The bulbs of the hyacinth are toxic to dogs so be careful so she doesn't ingest the bulb. Chrysanthemums are toxic to dogs and can lead to symptoms of diarrhea, vomiting and skin issues. Let me give you a site that discusses toxic plants.
http://www.vetmed.ucdavis.edu/ccah/health_information/plants_pets.cfm

I would avoid having these plants in the house or yard to avoid poisoning in the future. I don't believe they have anything to do with your dog's behavior though.
Customer: replied 2 years ago.

Relist: Answer quality. The following is my final reply to your 'expert', Jane. I would be obliged if you would return my £42 to PayPal. I would never have paid in advance if I had been aware that answers were just gathered from internet sites. Hello again. Perhaps I should have mentioned previously, that I was a dog groomer for over 20 years, so am familiar with 'nasty', or 'fear' aggression. I was also a Welfare Visitor for the XXXXX XXXXX Foundation Trust, for a long time. And, I also did a C.A.L.L. for the People and dogs charity. I had expected to recieve specialist personal advice regarding Jess. What you have told me is readily available - for free - on the internet. In fact, I have used most of it to help people in the past. You just changed dog to cat. And, I had already removed Fogloves from my garden, knowing that they are poisonous. I had thought that perhaps diet was at the root of the problem. Regards XXXXX

Customer: replied 2 years ago.

Hello again.

Perhaps I should have mentioned previously, that I was a dog groomer for over 20 years, so am familiar with 'nasty', or 'fear' aggression.

I was also a Welfare Visitor for the XXXXX XXXXX Foundation Trust, for a long time.

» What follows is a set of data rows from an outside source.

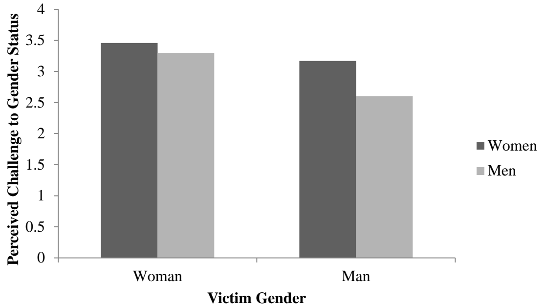
Figure 3. Perceived challenge to gender status by victim gender and participant gender.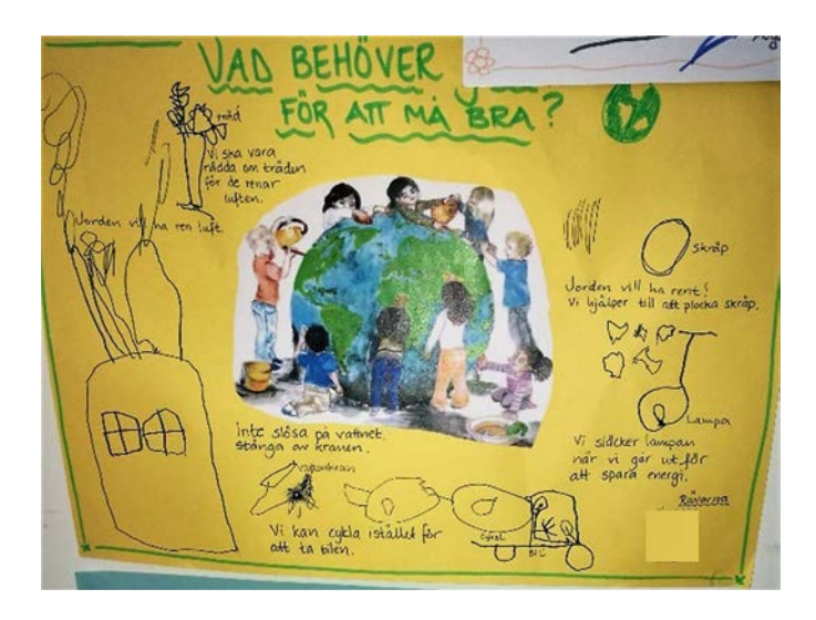
Figure 2. What does the earth need to be healthy?

According to the children, "We need trees to keep the earth healthy. We should take care of trees because they clean the air. The earth wants clean air." Other responses were: "The earth wants to be clean. We can help the earth be clean by picking up litter," "We can ride cycle instead of taking cars to reduce pollution," "We should not waste water. We must turn off the tap and switch off lights when we go out to save energy." Some children wanted to help the earth by "buying food that is grown in Sweden and in local places" (the name of the municipality is deleted in the illustration for the sake of anonymity) and by "recycling."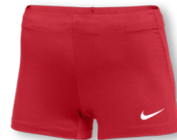
NIKE TEAM STOCK BOY SHORT CV2729 Page 13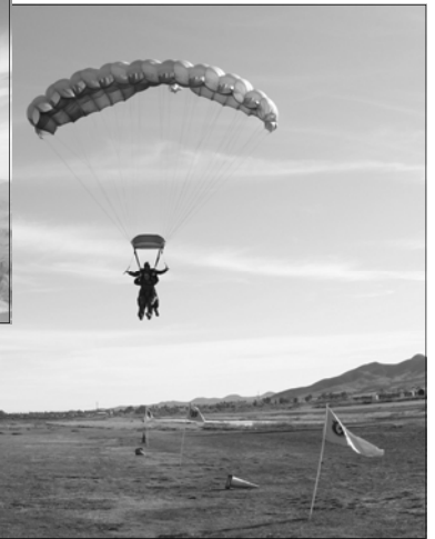
Sheila on her recent vacation (some of us sit on beaches) Participants at the General Meeting were treated to the full video of the jump.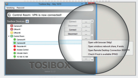
User interface TOSIBOX Key

The Key user interface shows the serialized Locks and the devices connected to them. The devices can be directly accessed (e.g. remote desktop or browser) from the Key user interface.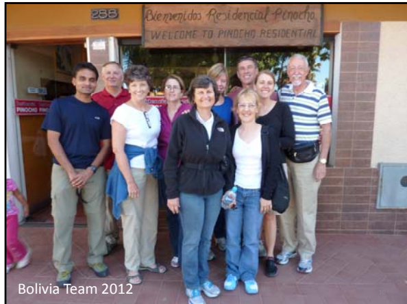
Bolivia Team 2012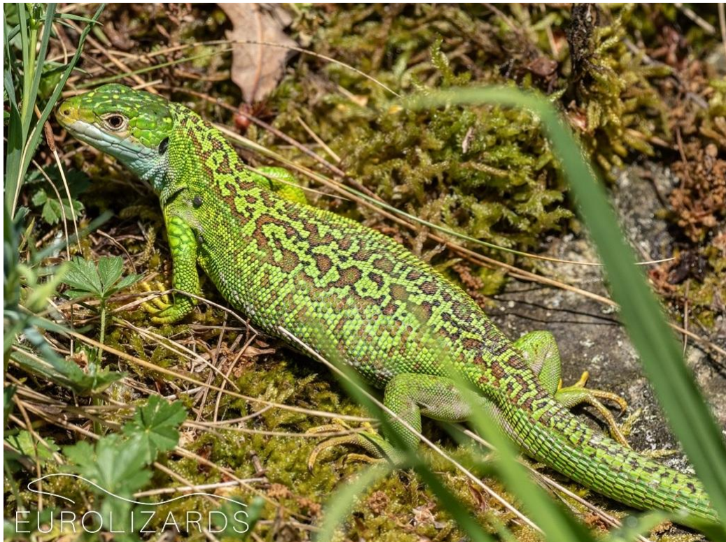
Subsp. bilineata, female with uncommon pattern: D / Rhineland-Palladium, 11.05.2018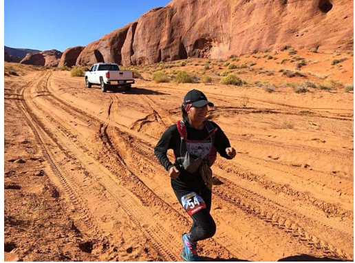
The view from Mitchell Mesa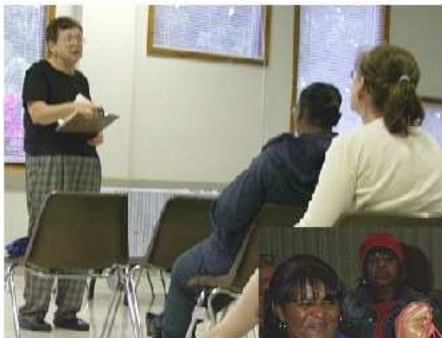
Places & Programs giving the USDA recordkeeping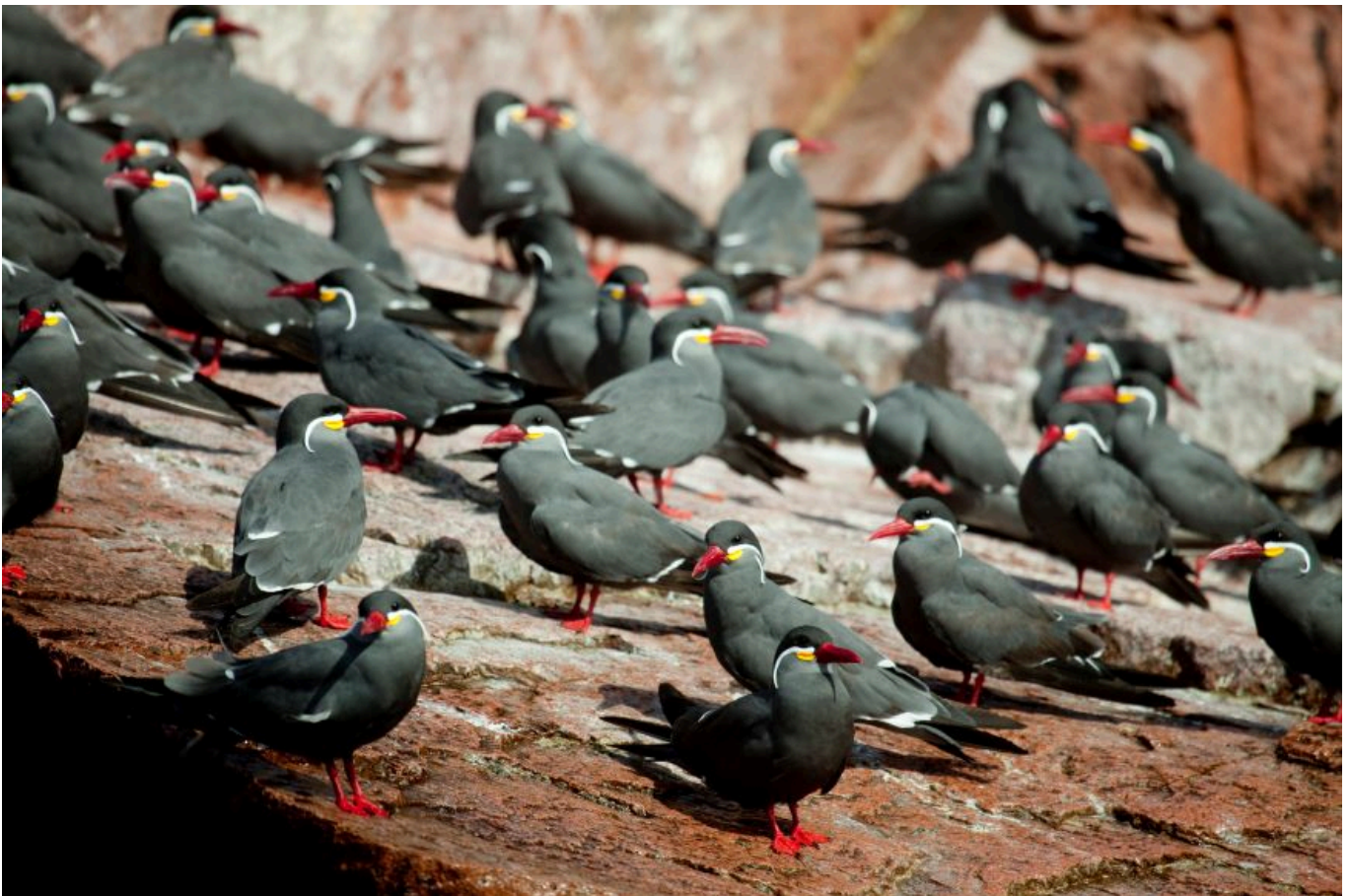
The Inca Tern seen on las Islas Ballestas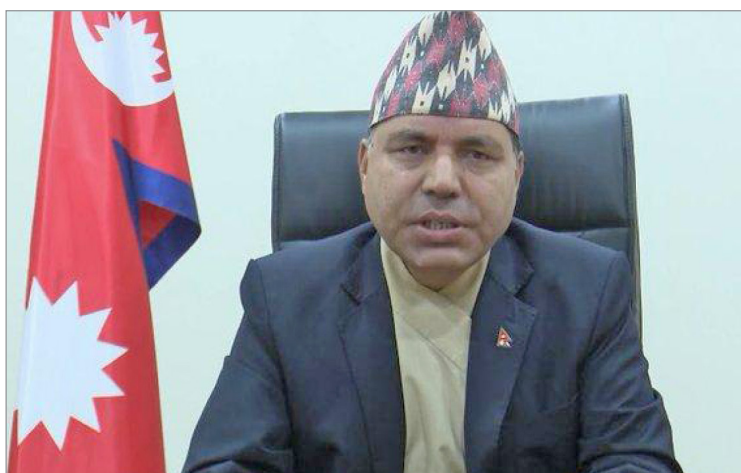
The Foreign Secretary Addressing the Annual Ministerial Meeting of LLDCs

The 10 th Ministerial Conference of the Community of Democracies was held virtually under the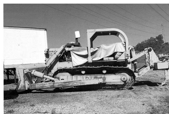
(2) IH TD-25C, (1) w/ripper & (1) w/out, exc. engs., trans., U/C's, blades, cutting edges, very good running dozers, $15,500 ea. (412) 384-2008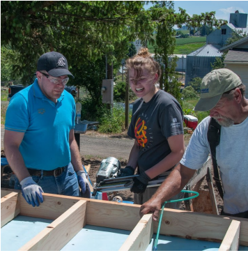
DKMullin Architects’ volunteers learning to frame walls.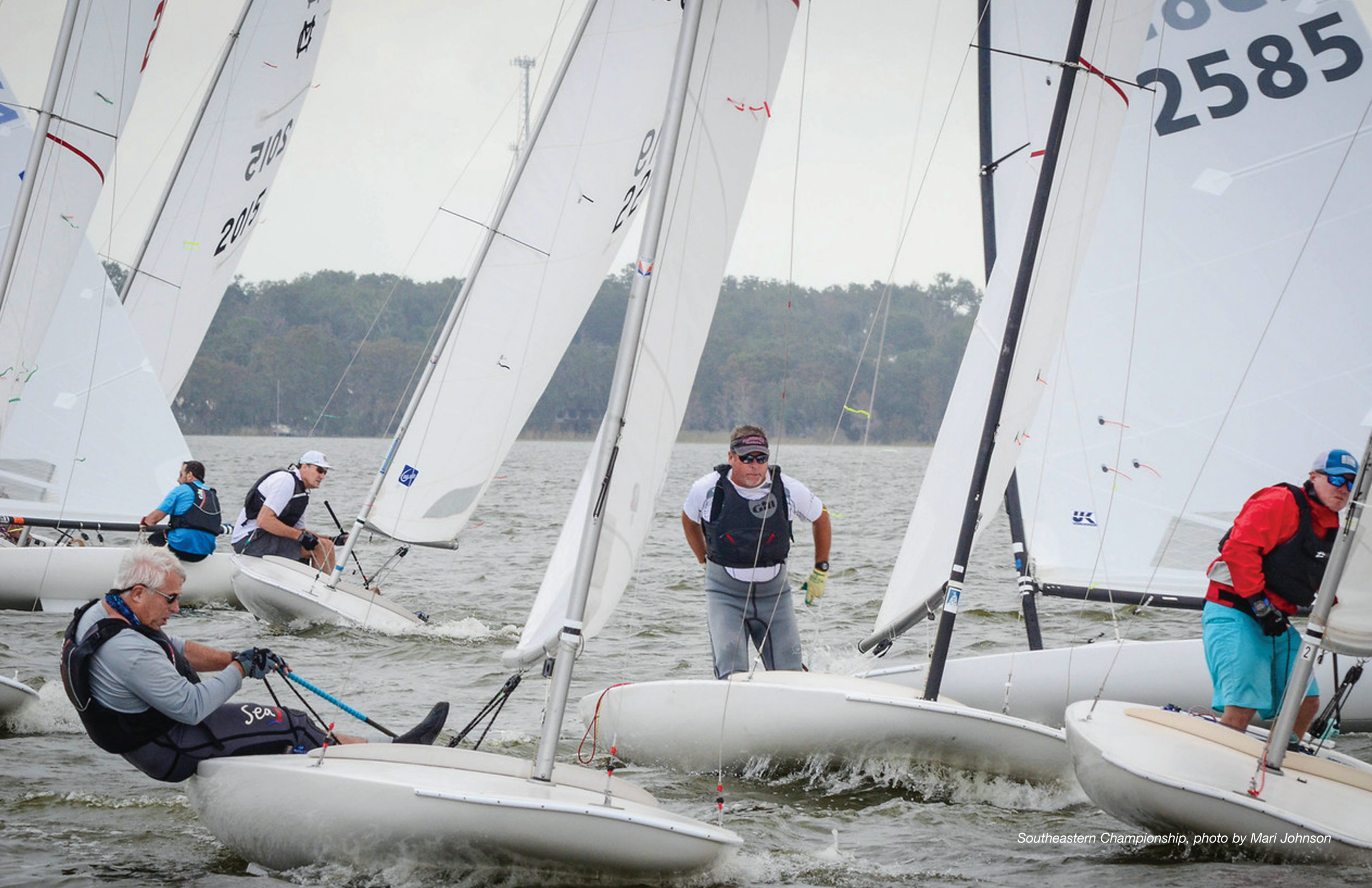
Southeastern Championship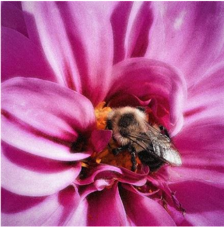
"Just Carry On"

Sibernie James-Bosch Digital photo art $225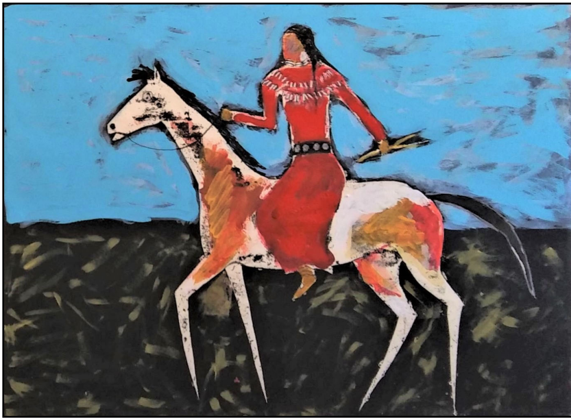
Rides a White Horse Woman Linocut painting © 2018 David Dragonfly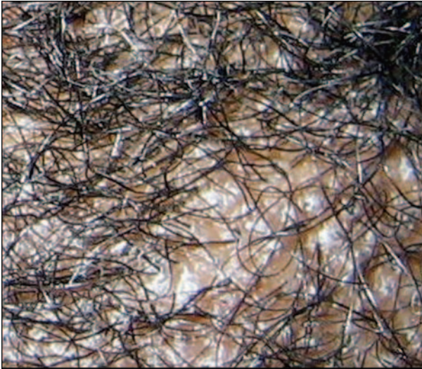
Figure 10. Tinea capitis in close up, showing white crusting around hair root and some broken hairs.

burn at the site with undiluted bleach, should be discouraged because they can cause infection and scarring. Topical therapy should be applied at least 2 cm beyond the edge of the lesions once or twice daily for 2 weeks, depending on the agent. If the lesion persists after 4 weeks of topical therapy, it is considered a treatment failure. Extensive, severe, or resistant cases of tinea corporis may require systemic treatment (Table 5).

And, I also did a C.A.L.L. for the People and dogs charity.

 

I had expected to recieve specialist personal advice regarding Jess. What you have told me is readily available - for free - on the internet. In fact, I have used most of it to help people in the past. You just changed dog to cat. And, I had already removed Fogloves from my garden, knowing that they are poisonous.

 

I had thought that perhaps diet was at the root of the problem.

 

Regards

XXXXX XXXXX

 

 

Expert:  Jane Lefler replied 2 years ago.

Margaret,

.

I will submit it for a refund but my answers are ones that I typed up and based on my experience. Most answers to questions can be found on the internet today if you take enough time to search for them. In fact, my answers are on the internet because I'm the one that wrote them. In addition, some of my methods are mine alone and others are ones that have been proven to be effective. When we first started this question answer 2 days ago and read my initial response, you did not indicate any disatifaction just asked for clarification on whether the plants might cause this behavior which I indicated should not cause the dog to jump up and bite you. And this is NOT fear or nasty aggression. IT IS REDIRECTED aggression. Part of our job is not only to help a customer change their dog's behavior but to identify what behavior you are dealing with. And my suggestions for reducing your dog's reactivity to other animals to help reduce his redirected aggression is a plan I wrote up specifically for your dog only. No reason is needed to get a refund. With the experience you say you have, I am surprised that you did not recognize the issue yourself.